Priscilla napisał/a:Serio??? Robienie sobie jedzenia, pranie swoich skarpetek i oganianie prasowania wymaga jakichś ponadstandardowych finansów? Serioooo??
Ale Ty rozumiesz, że to chodzi o odpowiedzialność za siebie i robienie tych wszystkich czynności, których Ty nie robisz, bo robi je za Ciebie mamusia, a Ty jej na to pozwalasz?
Przecież logiczne, że kiedy się jeszcze uczyłam, to nie zarabiałam na pełne utrzymanie, ale byłam samodzielna na każdym innym polu i nie potrzebowałam rodziców do tego, żeby mieć czyste ciuchy i zjeść obiad. Sama o to wszystko dbałam.

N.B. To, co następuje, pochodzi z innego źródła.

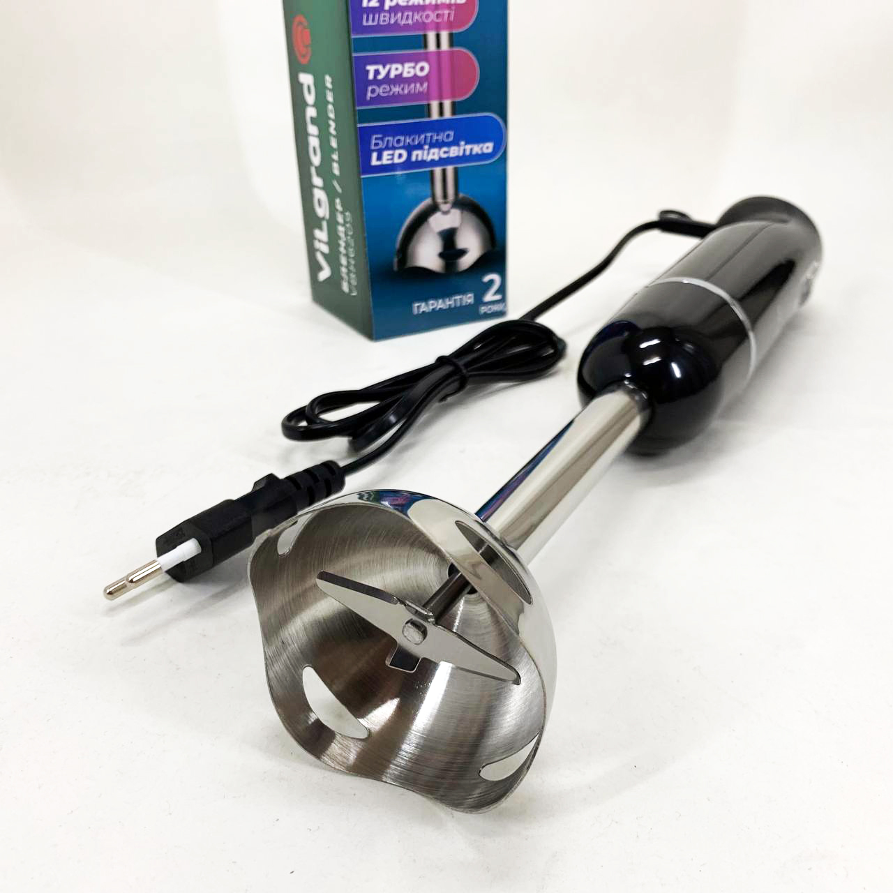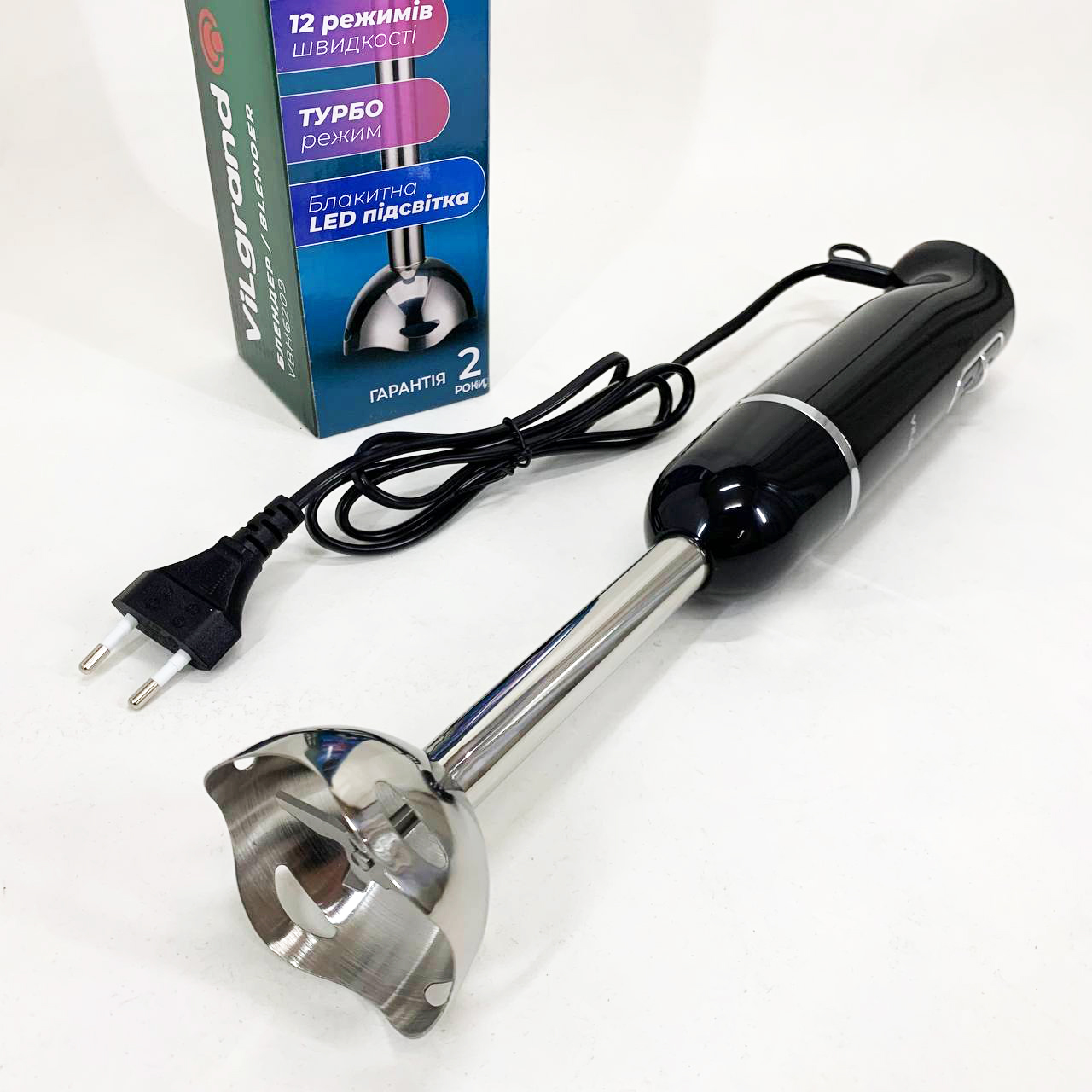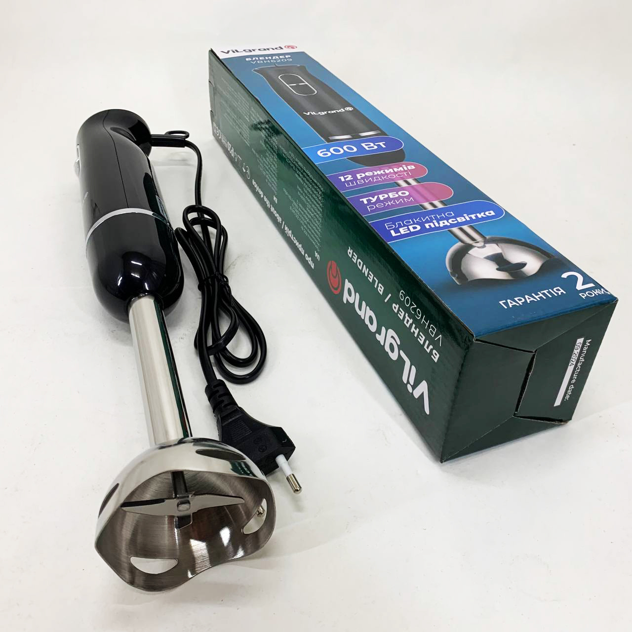 Блендер занурювальний VILGRAND VBH6209 — легко впорається з ручною кухонною роботою і допоможе приготувати різноманітні страви. та стильний дизайн. Очищується після використання і миється. Ножі виконані з високоякісної нержавіючої сталі. 50/60

Dlaczego Ty wszystko sprowadzasz do pieniędzy, a tak naprawdę to one w Twoim przypadku są najmniejszych problemem, bo Ty jedynie chodzisz do pracy, notabene dzięki temu, że szwagier Ci ją zapewnił, a poza tym jesteś totalnie niesamodzielny? Nawet nie potrafisz wysłać CV, żeby znaleźć coś innego, co dałoby Ci większe możliwości, bo a nuż zaproszą Cię na rozmowę.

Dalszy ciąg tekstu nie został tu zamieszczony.